[Exercise details]: Repeat the lines below exactly as written, please, from the line with "وبحسب التقرير، فقبل" to the line with "五、詳情請上本局官網(htt", both lines included, and no others.

[Material for the task]:

------------------------------------------------------------------------

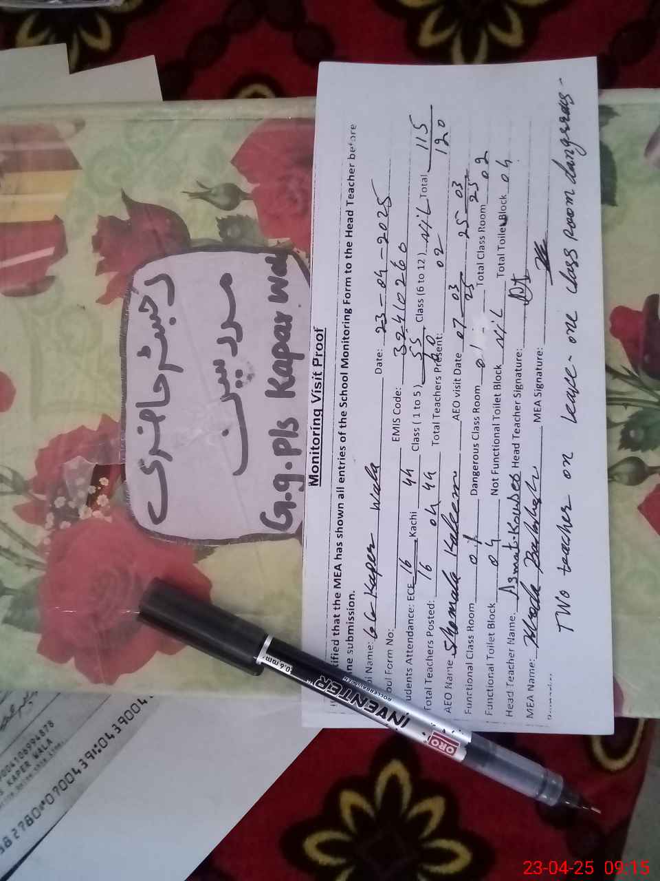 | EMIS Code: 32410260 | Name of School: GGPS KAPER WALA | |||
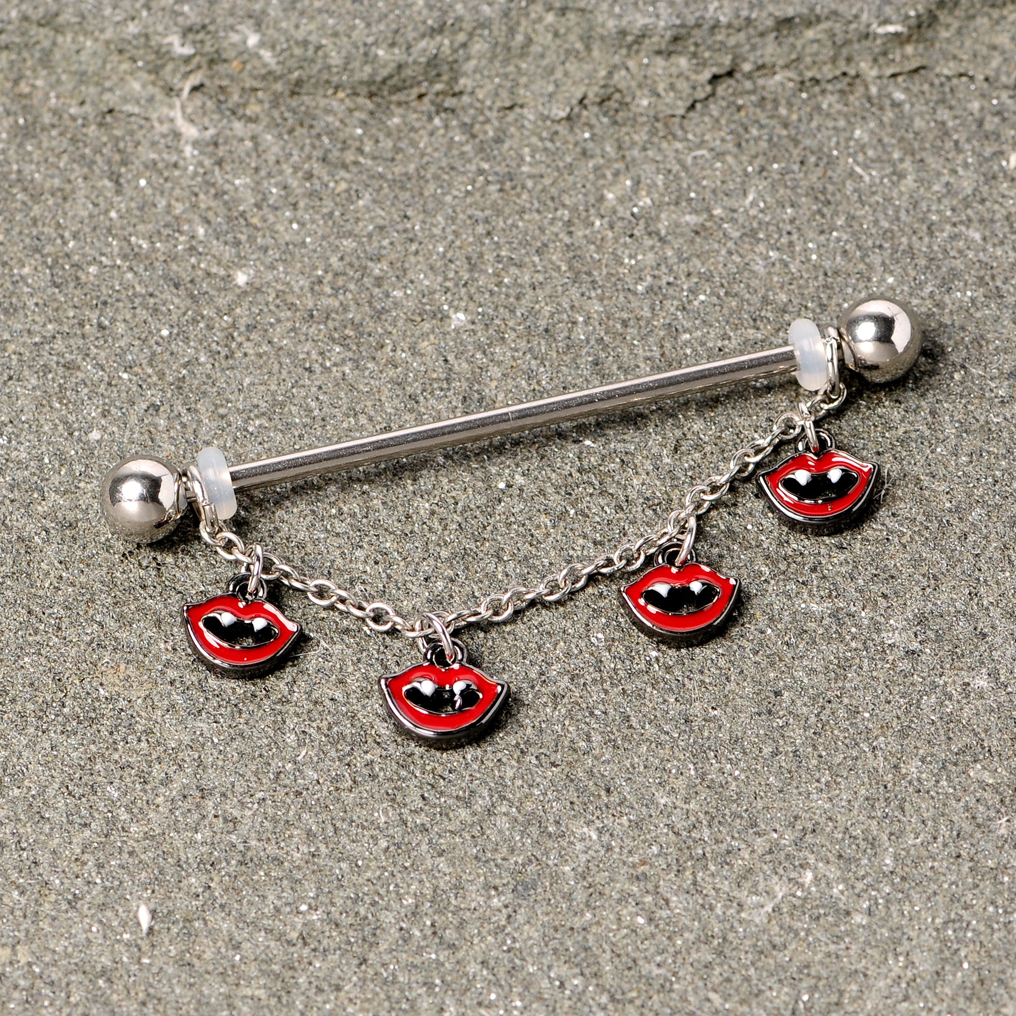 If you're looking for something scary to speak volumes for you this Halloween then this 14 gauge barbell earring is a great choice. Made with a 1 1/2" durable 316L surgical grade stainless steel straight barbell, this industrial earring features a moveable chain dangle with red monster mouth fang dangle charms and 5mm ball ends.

------------------------------------------------------------------------

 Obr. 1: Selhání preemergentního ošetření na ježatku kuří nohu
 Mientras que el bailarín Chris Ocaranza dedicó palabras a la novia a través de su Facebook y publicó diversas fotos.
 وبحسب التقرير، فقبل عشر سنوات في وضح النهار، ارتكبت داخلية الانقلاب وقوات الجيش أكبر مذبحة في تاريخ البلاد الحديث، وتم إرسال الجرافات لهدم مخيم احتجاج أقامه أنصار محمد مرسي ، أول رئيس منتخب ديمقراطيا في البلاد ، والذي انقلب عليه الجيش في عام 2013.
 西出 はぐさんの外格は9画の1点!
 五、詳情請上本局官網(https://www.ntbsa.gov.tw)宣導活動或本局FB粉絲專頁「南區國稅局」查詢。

------------------------------------------------------------------------

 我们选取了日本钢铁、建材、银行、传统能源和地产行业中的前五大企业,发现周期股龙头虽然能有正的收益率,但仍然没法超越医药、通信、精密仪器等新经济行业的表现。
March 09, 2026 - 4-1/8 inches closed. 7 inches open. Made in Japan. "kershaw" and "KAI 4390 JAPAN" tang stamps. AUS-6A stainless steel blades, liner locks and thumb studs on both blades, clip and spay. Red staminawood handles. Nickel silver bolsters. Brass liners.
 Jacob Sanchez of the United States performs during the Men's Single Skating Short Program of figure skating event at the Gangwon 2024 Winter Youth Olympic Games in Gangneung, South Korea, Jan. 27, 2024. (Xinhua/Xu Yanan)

------------------------------------------------------------------------

[Answer to the exercise]:
 وبحسب التقرير، فقبل عشر سنوات في وضح النهار، ارتكبت داخلية الانقلاب وقوات الجيش أكبر مذبحة في تاريخ البلاد الحديث، وتم إرسال الجرافات لهدم مخيم احتجاج أقامه أنصار محمد مرسي ، أول رئيس منتخب ديمقراطيا في البلاد ، والذي انقلب عليه الجيش في عام 2013.
 西出 はぐさんの外格は9画の1点!
 五、詳情請上本局官網(https://www.ntbsa.gov.tw)宣導活動或本局FB粉絲專頁「南區國稅局」查詢。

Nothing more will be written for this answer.